Conclusion: raw materials of the high-barrier inflatable cushions prepared in the present disclosure exhibit excellent barrier properties and mechanical properties.

In Comparative Example 1, the hybrid nanofiller is replaced with graphene oxide, which results in degradation of barrier properties and mechanical properties.

In Comparative Example 2, the hybrid nanofiller is replaced with MXene, which results in degradation of barrier properties and mechanical properties.

In Comparative Example 3, the aqueous boric acid solution is not added, which results in degradation of barrier properties and mechanical properties.

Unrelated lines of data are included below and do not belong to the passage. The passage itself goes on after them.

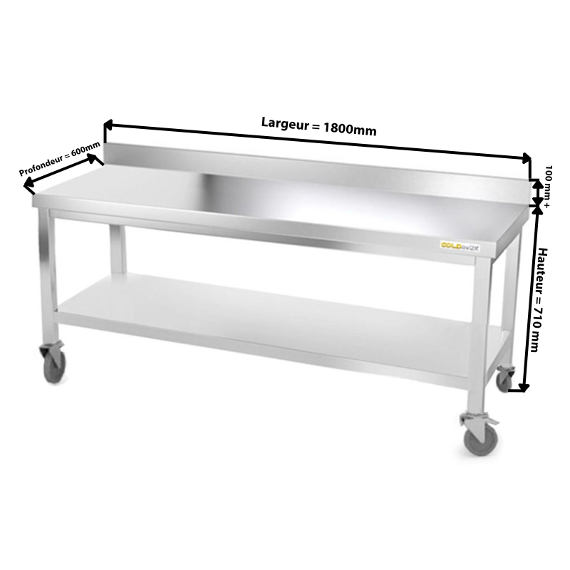 Nos tables en acier inoxydable permettent un meilleur aménagement de votre cuisine. Elles sont conçues pour une utilisation intensive et supportent des charges très élevées. Nos tables inox répondent aux normes obligatoires pour le mobilier en milieu professionnel. Le montage est très simple à réaliser et nécessite peu de temps d'exécution. Dotée de 4 roues robustes dont 2 avec freins, vous aurez alors tout le confort d'une table inox mobile, permettant un déplacement de votre matériel sans effort.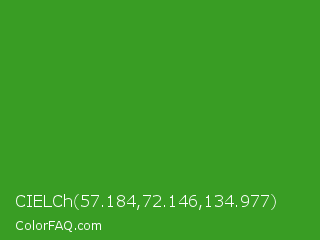 CIELCh 57.184,72.146,134.977 Color is a normal green color and the nearest color is Slimy Green #299617. Hex code #399d24 and RGB value is rgb(57,157,36). In RGB color space, this color is composed of 22% red, 62% green, 14% blue, In CMYK color space, this color is composed of 64% cyan, 0% magenta, 77% yellow , 38% black , In HSL color space, this color has a hue angle of 110° , 63% saturation and 38% lightness.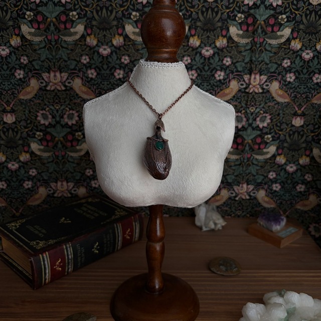 ⊹ ࣪˖ ┈┈ ˖ ࣪⊹ ┈┈⊹ ࣪˖ ┈┈˖ ࣪⊹ ここは、全ての生き物が銅になった世界 鬱蒼と茂る低地のジャングルの中で 標高3000mの高地の霧の中で 大小様々な 約170種ものウツボカズラの捕虫袋は 次々に銅に変わっていきました ウツボカズラの蓋や襟から 分泌される蜜は いつしか宝石に置き換わり 宝石を飲みに集まる銅の虫を 妖しく誘っています ⊹ ࣪˖ ┈┈ ˖ ࣪⊹ ┈┈⊹ ࣪˖ ┈┈˖ ࣪⊹ ウツボカズラ(ネペンテス)「ビカルカラタ」の捕虫袋(ピッチャー)を収穫し、洗浄後、エレクトロフォーミングという技法で銅めっきをほどこし、ネックレスを作製しました。 みなさまは食虫植物というとどんな種類を思い浮かべますか? 食虫植物=ウツボカズラ(ネペンテス)、というイメージをお持ちの方、とっても多いのではないでしょうか。 いかにもたくさん虫を食べていそうな特徴的なピッチャーを持つネペンテスは、ハエトリグサと一、二を争う、食虫植物界のレジェンドです。 ネペンテスの特徴はなんと言ってもそのピッチャーにあります。 種類によって異なる様々な形のピッチャーを持ち、中には牙(!)が生えていたり、洋式便座(!!)のような姿の種類だってあります。 …何を隠そう、本種「ビカルカラタ」こそがその「牙」が生えた種なのです! 一般的に牙系ネペンテスと言う場合、ハイランド種(高山性)の中で襟の周りをぐるっと囲むようにギザギザとした種類を指すことが多いのですが、本種ビカルカラタは一味違います。 牙の「ような」ではなく、本当に牙が生えているのです! いわゆる牙系ネペンテスとの違いは、その牙の位置にあります。 ビカルカラタは蓋の内側に吸血鬼のごとき2本の鋭い牙が内向きに生えており、なんでそうなった?と言わざるを得ません。しかも結構長い。 自然の造形、まさに神秘です。 蓋の内側に生えているため、デンジャラスな牙も意外と安全。 更にこの個体は蓋が内巻きになっているため、外から出すと牙が見えません。 持ち主だけにわかる(持ち主でさえも良く覗き込まないと分からない)秘密の牙です。 ネックレスとして着ける分には問題ないかと思いますが、ピッチャーの後ろに短い出っ張りがあるので、何かを引っ掛けたりされないようにご注意くださいね。 服の上からの着用がおすすめです。 ピッチャーの洗浄後、導電性塗料を内外に塗布し、一度うっすらとめっきをかけます。 薄く銅を纏わせた状態でめっき液から出し、洗浄後、めっきされていない箇所がないか、何度か引き上げて確認しながら、丸一日かけてエレクトロフォーミングを行いました。 今回は、めっき後にいぶし加工を行い、アンティーク感のある仕上がりを目指しました。 いぶしも不思議なもので、毎回同じ色合いにはなりません。 アンティークな銅によく映える、深い緑色のグリーンオニキスを合わせました。 個性的なビカルカラタとはっきりした色合いのグリーンオニキスで、モノトーンコーデに大人なアクセントを加えてください。 【サイズ】(金具込) サイズ、重さ:画像参照 チェーン長さ:約60cm(アジャスター5cm含む) ✴︎服の上からお楽しみいただける、ユニセックスなサイズ感となっています ✴︎黒いシャツを着たマネキンは9号サイズです アジャスター使用前後の画像があります ✴︎短めをご希望の場合は、オプションより選択をお願いします(備考欄への記載は対応不可) 【エレクトロフォーミングとは】 導電性塗料を塗った植物をめっき液に浸し、電気を流して銅めっきしています。 短くて6時間、植物によっては一日以上かけ、様子を見ながらゆっくりめっきをかけています。 Torigusaのこだわりは、全て本物の食虫植物を使用している点! 実は、エレクトロフォーミングは凹んだ部分にかかりづらく、複雑で袋形の形状が多い食虫植物はなかなかの曲者なのです。 日々試行錯誤しながら楽しくめっきしています。 【素材】 銅、真鍮、植物、天然石 【銅について】 銅は経年変化が楽しめる素材です 加工直後はピンクゴールドですが、徐々に深みを増していき、濃い色合いに変化していきます 植物を育てるように、日々の変化を愛でながら、皆さまの耳元や首元で育てるアクセサリーになれば幸いです 【いぶし加工と金具について】 ⚫︎真鍮製のチェーンにいぶし加工を施して制作しているため、ところどころ色の濃淡があります 味としてお楽しみいただけますと幸いです ⚫︎本体、チェーン共に仕上げに磨き上げてありますが、淡い色のお召し物に色が移る可能性があります 【お願い】 ⚫︎下記リンク「ご購入前にお読みください」をご一読ください https://torigusa.base.shop/items/94178886 【ネペンテス・ビカルカラタ】 学名:Nepenthes bicalcarata ウツボカズラは東南アジアを中心に、中国、ニューカレドニアなど熱帯中心に分布しており、170種以上が見つかっている。 食虫植物の代表的な種で、古くから人工交配が盛んで多数の交配種が作出されている。 葉先は袋状になっており、虫をおびき寄せ

For those skilled in the art, it is apparent that the present disclosure is not limited to the details of the above-mentioned exemplary examples, and the present disclosure may be implemented in other specific forms without departing from the spirit or basic features of the present disclosure. Therefore, the embodiments should be regarded as illustrative and non-restrictive no matter from which point of view. The scope of the present disclosure is defined by the appended claims rather than the above specification, and therefore, it is intended that all changes which fall within the meaning and scope of equivalency of the claims are embraced in the present disclosure. Any reference numeral in the claims should not be construed as limiting the related claims.